[Items listed in a dataset]
------------------------------

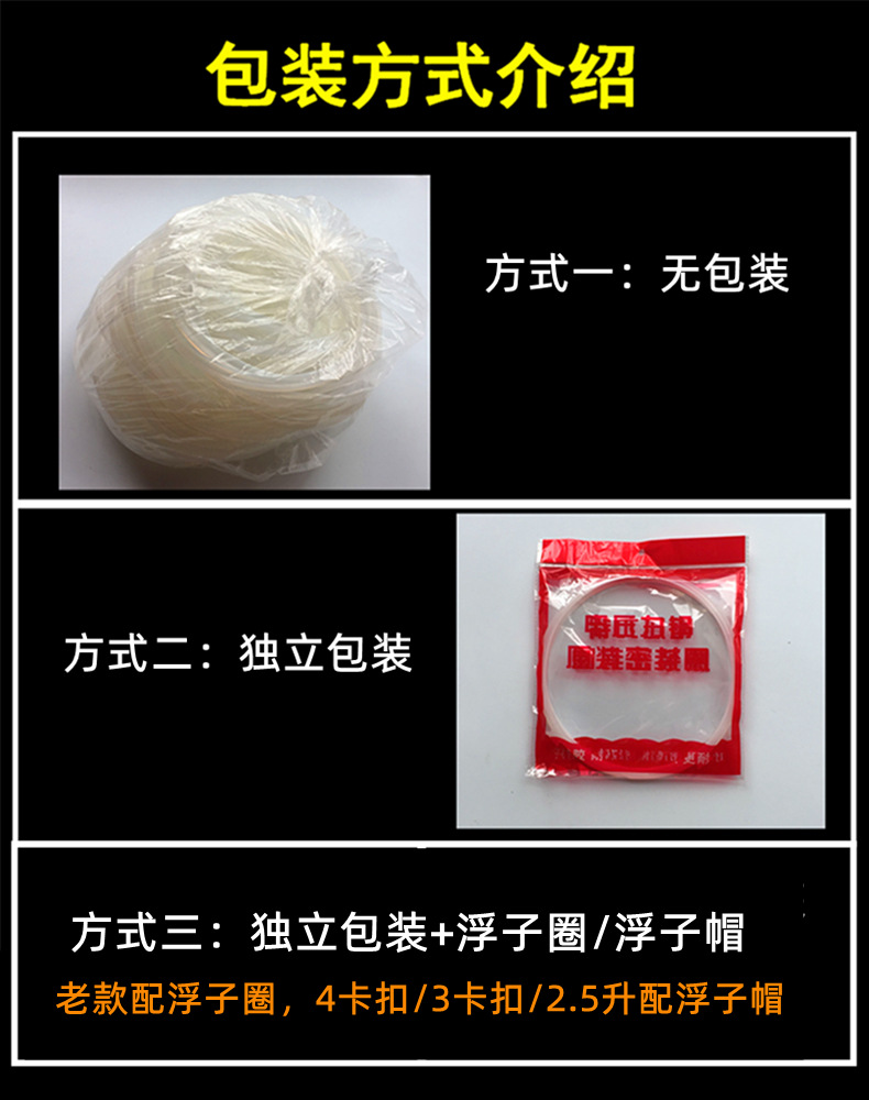 包装方式三:独立包装+浮子圈/浮子帽:老款配浮子圈,4卡扣/3卡扣/2.5升配浮子帽;
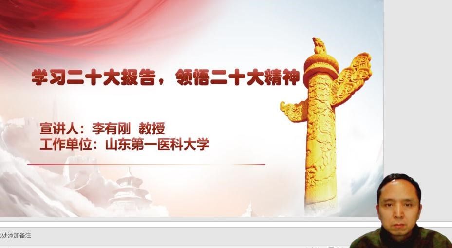 2022年11月25日19时,宣讲活动正式开始。beat365亚洲体育官方网站李有刚教授、博士(省属高公司党的二十大精神宣讲团成员、公司党的二十大精神宣讲团成员、泰安市社会科学专家)做了题为“学习党的二十大报告,领悟党的二十大精神”的专题报告。李教授从大会主题、报告结构、伟大变革、理论创新、使命任务、具体工作等多个方面全面解读了党的二十大报告的主要内容,报告的最后结合山东省情讲述了十年来我省的变革与成绩,在新的起点展望了山东省的新征程。活动结束后,公司党总支书记翟承强表示:“深入学习宣传贯彻党的二十大精神是beat365亚洲体育官方网站全体教师、全体党员在当前和今后一个时期的重要政治任务,广大教师党员要全面深入学习党的二十大报告,把党的二十大精神吃透拿准,摆正自己的政治站位,不断提升宣讲水平,以强烈的政治责任感和使命感投入到学习和贯彻党的二十大精神中去,努力为公司建设高水平大学贡献自己的力量”。
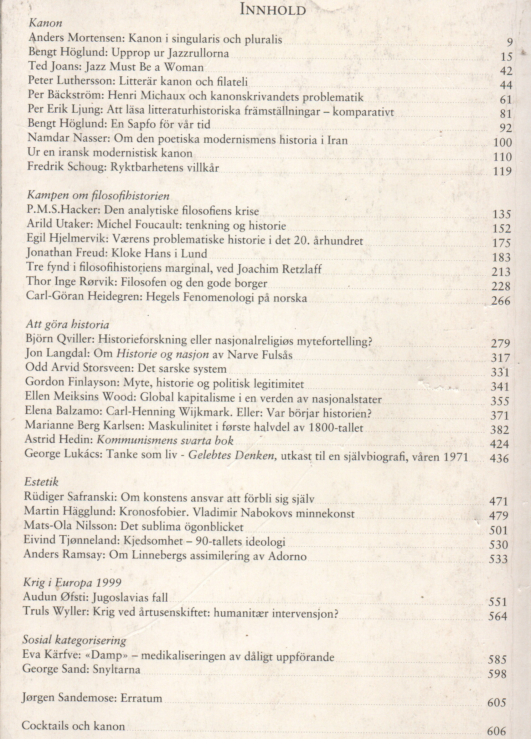 Boken er delt i områdene Kanon, Kampen om filosofihistorien, Att göra historia, Estetik, Krig i Europa 1999, Sosial kategorisering, Coctails och kanon
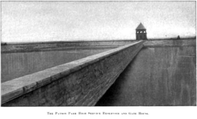 once again, there's mention of view from the gate house tower. i did some more digging in the archives and found an grainy photo of the reservoir. sure enough, the gate house looks different, and it seems early on there actually was an observational tower. i don't know how accurate the reservoir height is. wikipedia claims the 1907 published height for harvard's memorial hall is 190 feet. maybe the 2 are measured from different base heights.
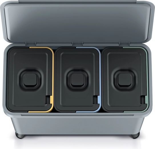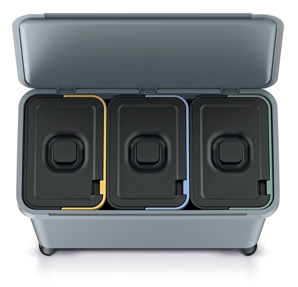 - Tri intuitif : couvercles jaune, bleu et vert pour distinguer clairement les fractions de déchets.
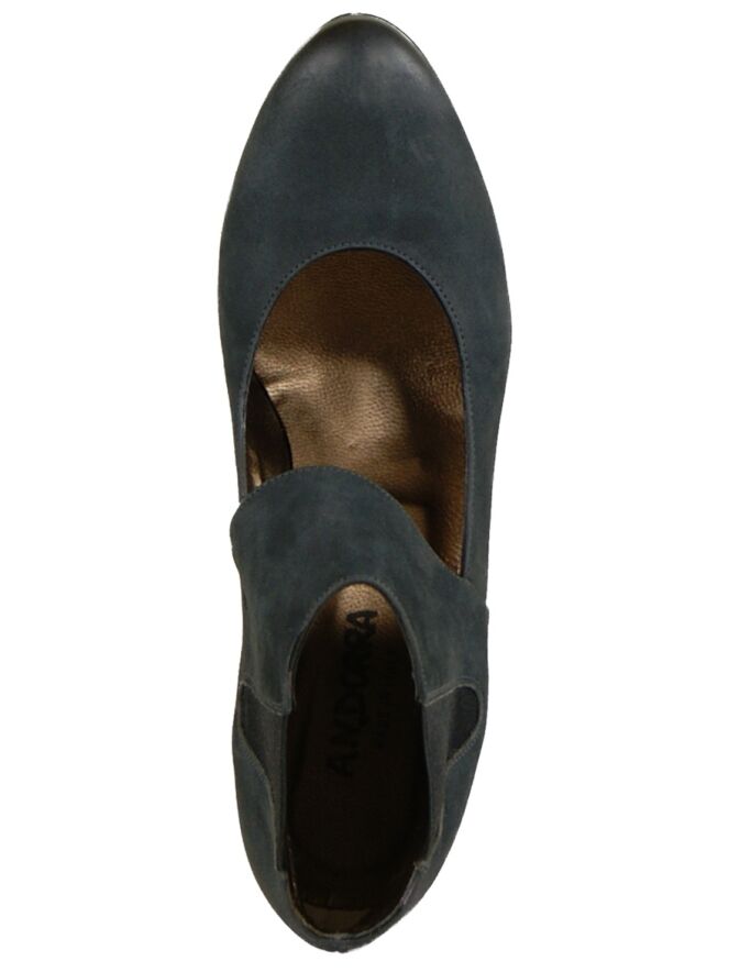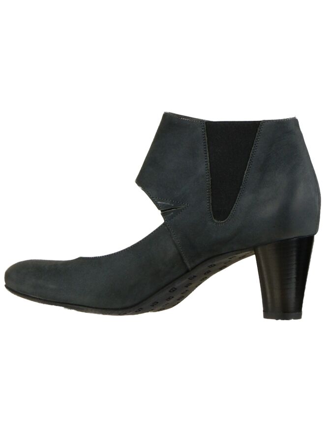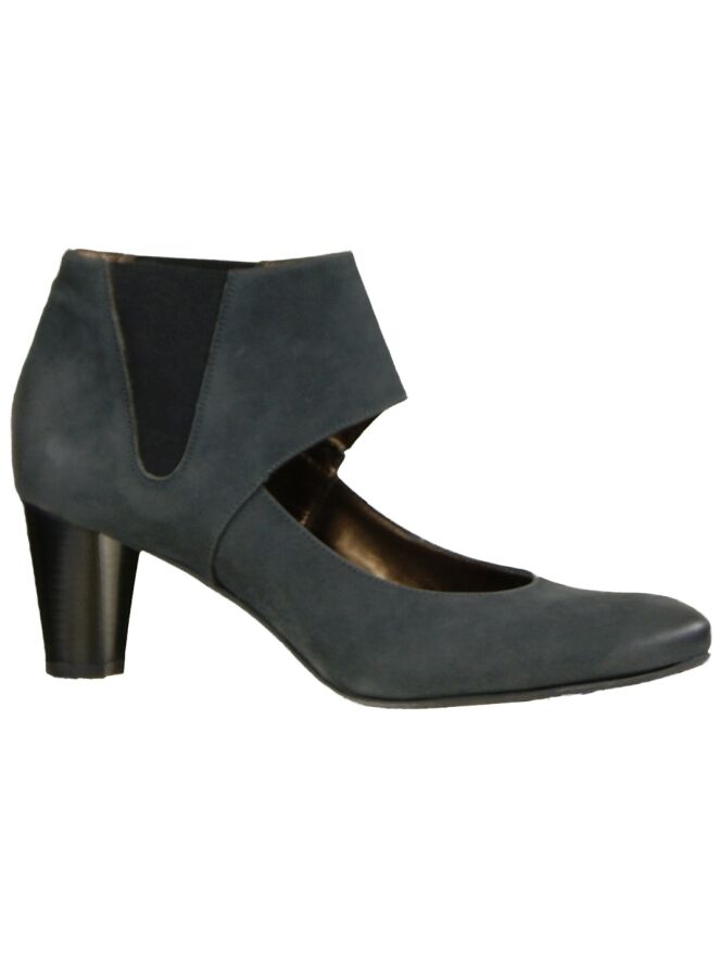 A pump of the brand Mauro Teci in the colour anthracite grey. The pump is closed around the ankle and has an elastic fabric used on both sides. The pump is on the inside with leather lined.
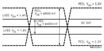 下图为LVDS与PECL(光收发器使用的电平)电平变化。
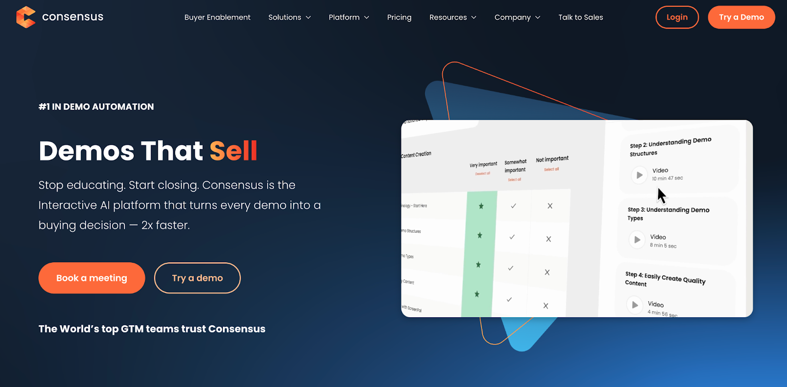Consensus is the leading demo automation platform for presales teams. It lets SEs build a library of personalized, interactive video demos that AEs can send on demand, without SE involvement, for every introductory call.
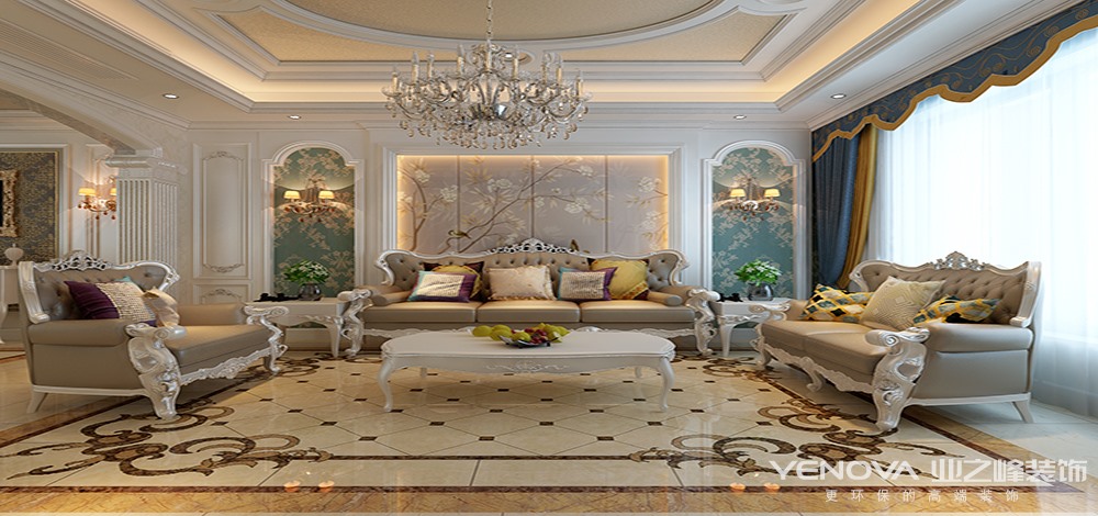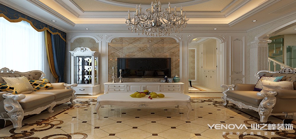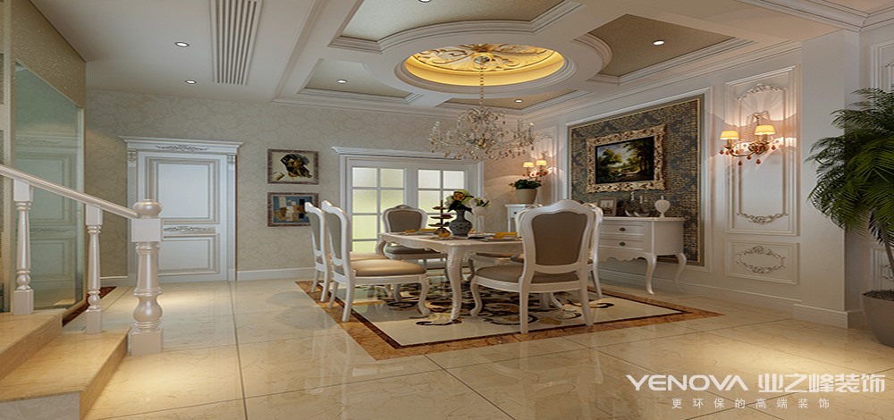 整个空间的布局强调轴线的对称,气势恢宏与豪华舒适相得益彰。空间呈现出高贵典雅的居家氛围。细节处理上采用雕花﹑线条﹑铜条以及不同种颜色大理石材质的拼接,其工艺精细考究。

------------------------------

→ **What is being asked**: Begin with the first line of the entries above and write out each line exactly, ending with the line containing "2022年11月25日19时". Leave out pictures.

→ **Response area**:
 包装方式三:独立包装+浮子圈/浮子帽:老款配浮子圈,4卡扣/3卡扣/2.5升配浮子帽;
 2022年11月25日19时,宣讲活动正式开始。beat365亚洲体育官方网站李有刚教授、博士(省属高公司党的二十大精神宣讲团成员、公司党的二十大精神宣讲团成员、泰安市社会科学专家)做了题为“学习党的二十大报告,领悟党的二十大精神”的专题报告。李教授从大会主题、报告结构、伟大变革、理论创新、使命任务、具体工作等多个方面全面解读了党的二十大报告的主要内容,报告的最后结合山东省情讲述了十年来我省的变革与成绩,在新的起点展望了山东省的新征程。活动结束后,公司党总支书记翟承强表示:“深入学习宣传贯彻党的二十大精神是beat365亚洲体育官方网站全体教师、全体党员在当前和今后一个时期的重要政治任务,广大教师党员要全面深入学习党的二十大报告,把党的二十大精神吃透拿准,摆正自己的政治站位,不断提升宣讲水平,以强烈的政治责任感和使命感投入到学习和贯彻党的二十大精神中去,努力为公司建设高水平大学贡献自己的力量”。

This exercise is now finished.